__Your assignment__. Give all the lines below again, exactly, with no pictures.

__Information supplied__.
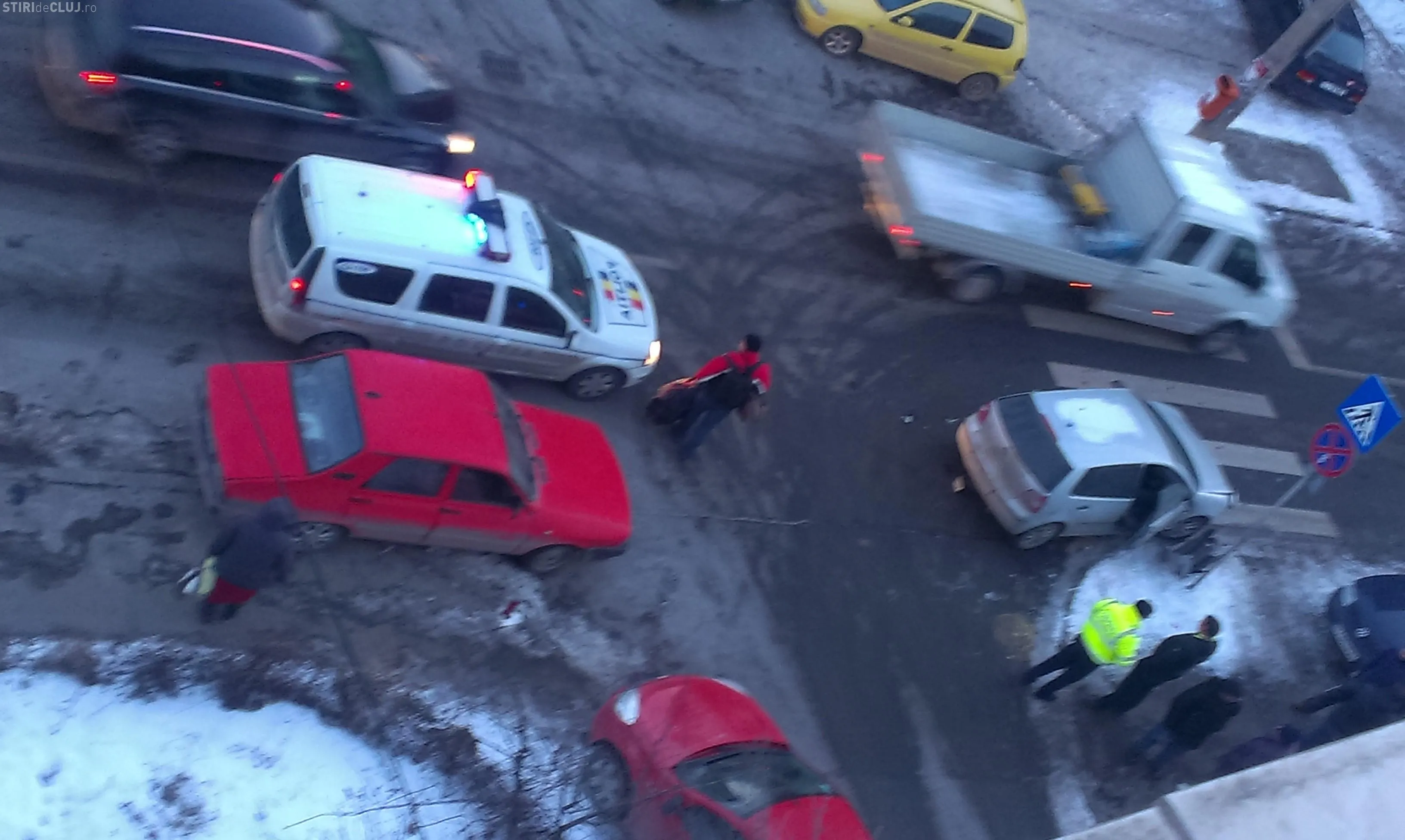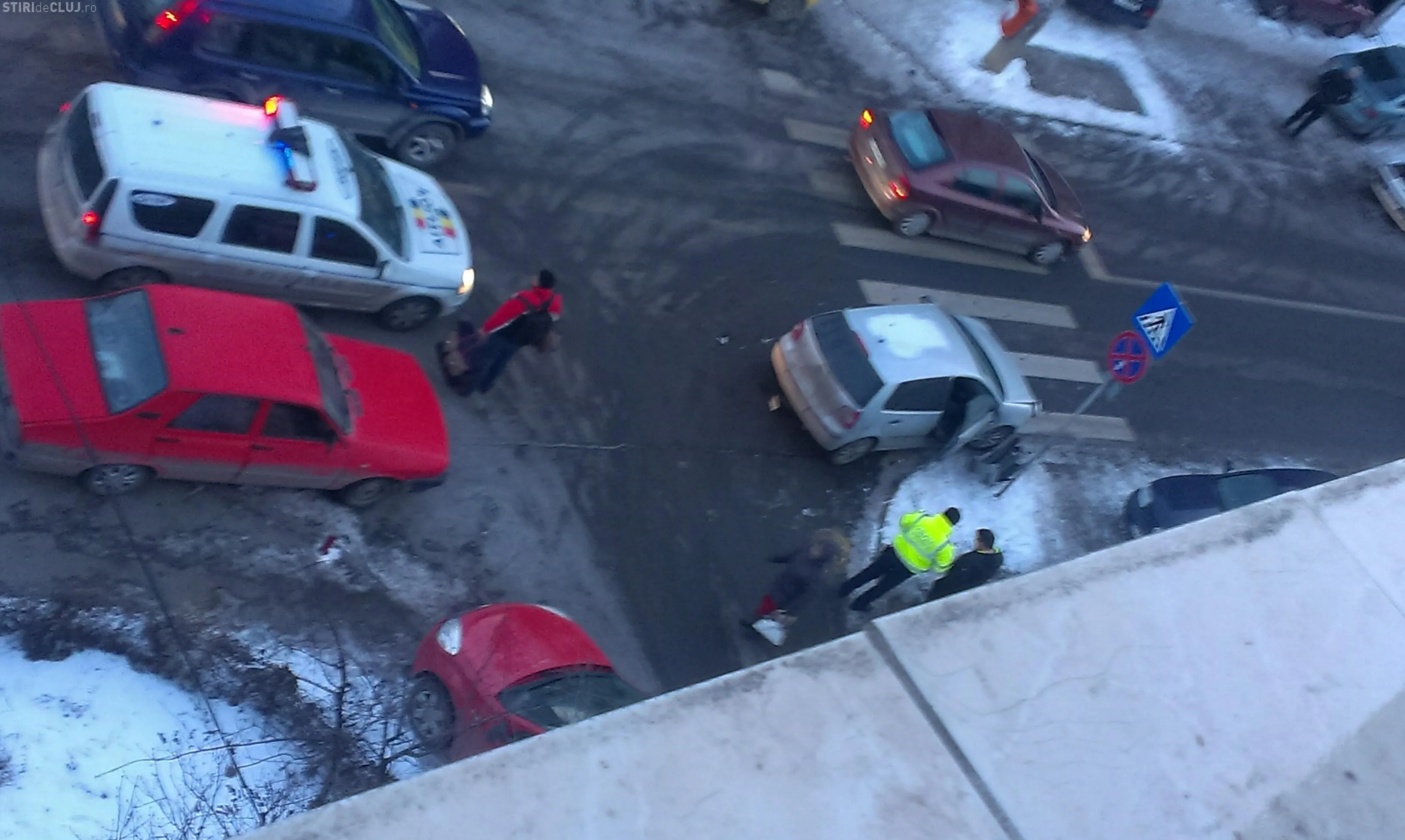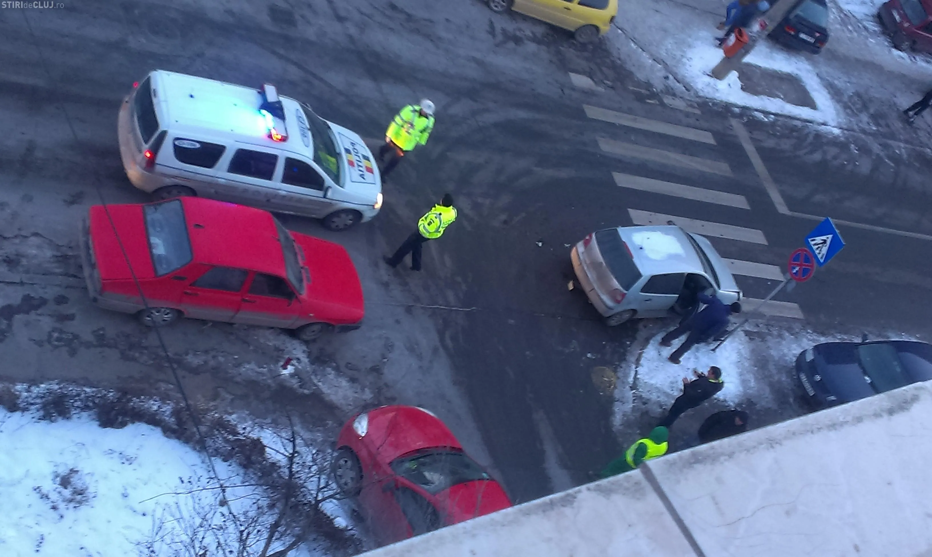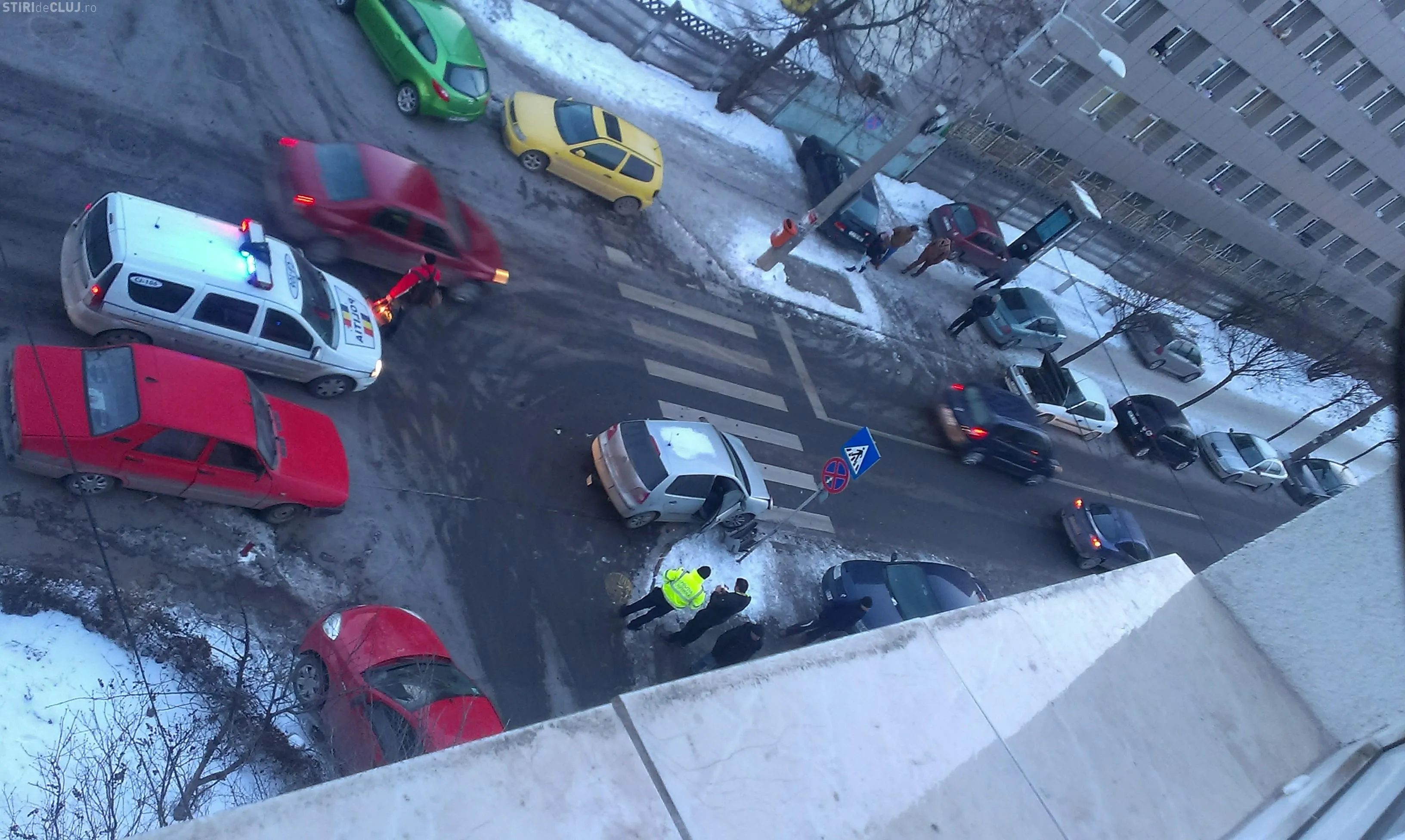 ”Accidentul s-a soldat din fericire doar cu pagube materiale, din cauza parcarilor aiurea care obstructioneaza vizibilitatea.
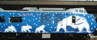 整個車廂彩繪北極熊親子家族的背後跟著北海道狐狸,天空還有白色貓頭鷹盤旋飛翔,呈現出一片銀色動物世界。
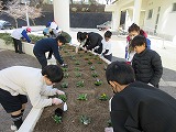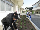 「伊勢市女性団体連絡協議会」の方々のご指導のもと、美化委員会がビオラとクリサンセマム・スノーランドの苗を植えました。事前に協議会の皆さんが丁寧に穴を掘り、苗を置いてくださったおかげで、スムーズに作業を進めることができました。前期は猛暑が続きましたが、業務員さんの協力もあり、花を枯らすことなく大切に世話をしてきました。この時期は、気候も安定し、美化委員会の日々の水やりのおかげで、苗は大きく育ってくれることでしょう。きっと今年度の卒業式と来年度の入学式には、華やかな彩りを添えてくれるはずです。

__Problem solution__.
 ”Accidentul s-a soldat din fericire doar cu pagube materiale, din cauza parcarilor aiurea care obstructioneaza vizibilitatea.
 整個車廂彩繪北極熊親子家族的背後跟著北海道狐狸,天空還有白色貓頭鷹盤旋飛翔,呈現出一片銀色動物世界。
 「伊勢市女性団体連絡協議会」の方々のご指導のもと、美化委員会がビオラとクリサンセマム・スノーランドの苗を植えました。事前に協議会の皆さんが丁寧に穴を掘り、苗を置いてくださったおかげで、スムーズに作業を進めることができました。前期は猛暑が続きましたが、業務員さんの協力もあり、花を枯らすことなく大切に世話をしてきました。この時期は、気候も安定し、美化委員会の日々の水やりのおかげで、苗は大きく育ってくれることでしょう。きっと今年度の卒業式と来年度の入学式には、華やかな彩りを添えてくれるはずです。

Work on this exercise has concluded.